First we start to make a small, very small testcase. The goal is to see the different data types used.

 

user = "rquser"
password = "rquser"
sid = "orcl"
host = "dbdev11"
port = "1521"
service_name = "orcl.ise-informatik.de"
library(ORE)
ore.connect(user,,host,password,port,service_name, all=TRUE)

##Test extproc for R
ore.doEval(function() { 123 })

##Create Tabel for tests
test <- ore.pull(iris)
ore.drop("IRIS_TABLE")
ore.create(test,table="IRIS_TABLE")
#Transperancy
IRIS <- ore.get("IRIS_TABLE")
sum <- (summary(IRIS))
#local
IRIS <- (ore.pull(IRIS_TABLE))
sum <- (summary(IRIS))

First we connect to our DB with R installed.

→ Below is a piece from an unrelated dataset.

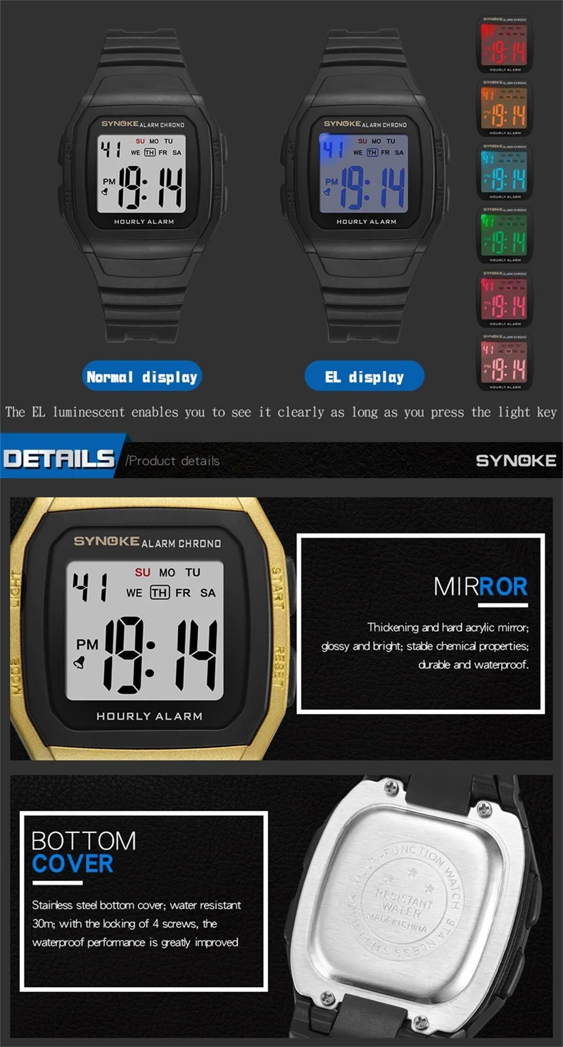Мужские электронные часы с хронографом, на ремешке из ПУ кожи

Then we make a short test if extproc is running correct. At the end we create a small table out of iris data. At the end we do my test with summary with oracle transparency Layer and without.

SQL Script to have more rows:

--more data 150 -> 19 MIO for performance testing
SELECT COUNT(*)
FROM IRIS_TABLE;
BEGIN
FOR i IN 1..17
LOOP
INSERT INTO IRIS_TABLE
SELECT * FROM IRIS_TABLE;
END LOOP;
COMMIT;
END;
/
SELECT COUNT(*) FROM IRIS_TABLE;

 

With this SQL script we increase the data to about 19 Million rows. In my Laptop the following tests runs between 30s and 100s.

First Test: Script on DB

We run a simple script, calling one function with no paramters. We use the ORacle connection inside the DB and pull the data there.

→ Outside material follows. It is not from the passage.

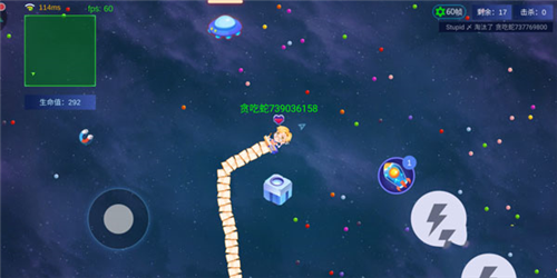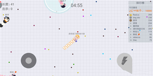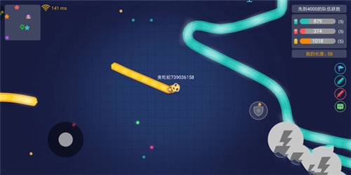 3、长按加速键可提升速度,利用灵活走位让其他蛇撞上你的蛇身,从而吞噬它们。

##############################
## function to R load on server check data type
##############################

ore.scriptDrop("myFunctionDB1")
ore.scriptCreate ( "myFunctionDB1", function (){
  #we need this because we load data in R
  #db knows connection, if it start out of R client
  library(ORE)
  ore.sync()
  IRIS <- ore.get("IRIS_TABLE")
  res <- summary(IRIS)
  string1 <- class(IRIS)
  string2 <- class(res)
  string <- paste("Type of loaded data" , string1, string2, sep=" ")
  return (string)
}
)

###################
##run it
system.time(
  ore.doEval(FUN.NAME="myFunctionDB1",ore.connect=TRUE)
)
##################

We see that we use a ore.object and get only one string. In the string we find an ore.frame object, it is not a data.frame. It is an oracle type.

The output results are:

cclass(res)
[1] "ore.object"
attr(,"package")
[1] "OREembed"
> res_local <- ore.pull(res)
> class(res_local)
[1] "character"
> View(res_local)

String:
Type of loaded data ore.frame table

Second Test:

Now we try the table apply function. The input of our function would be a table. It also can be a view.

##############################
## function to check data type
##############################
ore.scriptDrop("myFunctionDB2")
ore.scriptCreate ( "myFunctionDB2", function (dataset_pointer, direction,start,stop,conflevel,threshold){
   #library(ORE)
  # not needed, running with pointer
  IRIS <- dataset_pointer ##ore.get("IRIS_TABLE")
  string1 <- class(IRIS)
  res <- summary(IRIS)
  string2 <- class(res)
  string <- paste("Result Type", string1, string2, "PARAMETER", direction, sep=" ")

  return (string)
}
)

###############################
###run it normal, no parallel no partition key
### to find the table
ore.sync()

system.time(res <- ore.tableApply(IRIS_TABLE, FUN.NAME = "myFunctionDB2",
                                  direction='S',
                                  start="201101",
                                  stop="201311",
                                  conflevel=0.995,
                                  threshold=10))

The scripts run complete inside DB, we don’t need any seperate DB connection.

> class(res)
[1] "ore.object"
attr(,"package")
[1] "OREembed"
> res_local <- ore.pull(res)
> class(res_local)
[1] "character"
> View(res_local)
Result Type data.frame table PARAMETER S

We see that we get an data.frame as the input data. We have no oracle object.

Third Test

###############################
###run it, parallel partition key
##

system.time(res <- ore.groupApply(IRIS_TABLE, IRIS_TABLE$Species, FUN.NAME = "myFunctionDB2",
                                  direction='S',
                                  start="201101",
                                  stop="201311",
                                  conflevel=0.995,
                                  threshold=10, parallel = TRUE))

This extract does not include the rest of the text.